S: Yes, the lecture about that [hydrogen] car, that we understood, but we didn’t understand much of the lab visit with hydrogen and…

During parts of the curriculum unit, the students worked independently with the commission in groups. The teachers described how they tried to support the students during the group work by providing guidance and frequently collect written products.

TB: (…) We walked around to the groups, guiding them and helping them, and…collected work from them. About once a week, I collected something which they [students] got back and could use in their further work.

Evidently, the teachers provided feedback on students’ written work, which was coded as teacher support during classroom activities. However, teacher B did not provide any example of the type of feedback, which may be a limitation in our data.

When we asked the students about the kind of support they received from the teacher, the students said that they received help although they could not specify what sort of help. For example, in Group 1, the students could not recall whether they received feedback from their teacher on their work. However, later in the interview one of the students added that more teacher support would be preferable, without specifying what sort of help he was asking for.

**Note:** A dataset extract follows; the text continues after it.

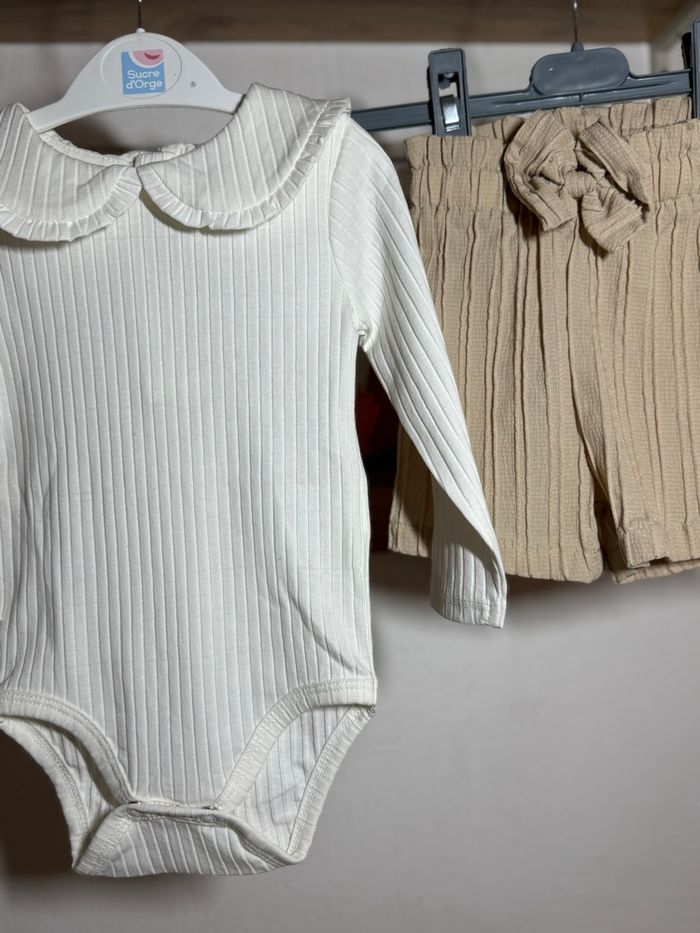 Ensemble bébé fille, bodie col Claudine & short • 9 mois  - photo numéro 1

The final classroom activity was carried out after the visit to the transport company’s workplace (Fig. 1). This was an oral examination, where the teachers asked questions about different technologies related to renewable energy, such as how fuel cells work or how solar cells operate. The information was used to assess the students’ learning of the scientific knowledge. The teachers chose to do so because they were more familiar with oral or written tests and found it difficult to assess the students’ understanding based on their oral presentation to the STEM professional:

TB: Yes, oral examinations are more common at our place. And written tests or digital tests. But I find it incredibly hard to assess a presentation.

The teachers’ and students’ descriptions of the assessment of the students’ learning at the end of the curriculum unit was coded as summative assessment. The students expressed different opinions about the oral examination, exemplified by the following responses from students in Group 1 and 2, respectively:

S: During the oral examination it was easy to show everything you knew. You got to show what you’d worked on that you didn’t necessarily present, because someone else in the group had to take their part of the presentation even though they hadn’t worked on it. So…yes, it became clearer who had been working well on the assignment.

S: But I didn’t like the fact that we only got assessed on the oral examination and not all the other things, because there was a lot of work before this. We had two presentations, one in the beginning and one presentation for Ruter, and we had ongoing assignments. And we didn’t get an overall assessment. Only on the oral examination.

The first quote presents the view of the students in Group 1, namely that they appreciated the oral examination because it allowed them to demonstrate understanding that did not emerge in the group’s oral presentation for the transport company. The second quote above illustrates a different opinion among the Group 2 students. Here, the students were dissatisfied with the oral examination because they felt that their efforts during the curriculum was not appreciated by the teachers’ assessment.

Teacher B described the students’ presentations as ‘fragmented’, meaning that the students presented facts for each type of transport technology without comparing them and discussing the best solution. This evoked a reflection on her own teaching and the fact that the students were not familiar with skills such as argumentation and comparing solutions to be part of the assessment:

TB: Yes, compare and argue... But it is like…They [the students] are not used to that being something we use to distinguish between grades. That’s something they explicitly need to be told, actually. They’re used to be awarded with an A if they just come up with enough [content].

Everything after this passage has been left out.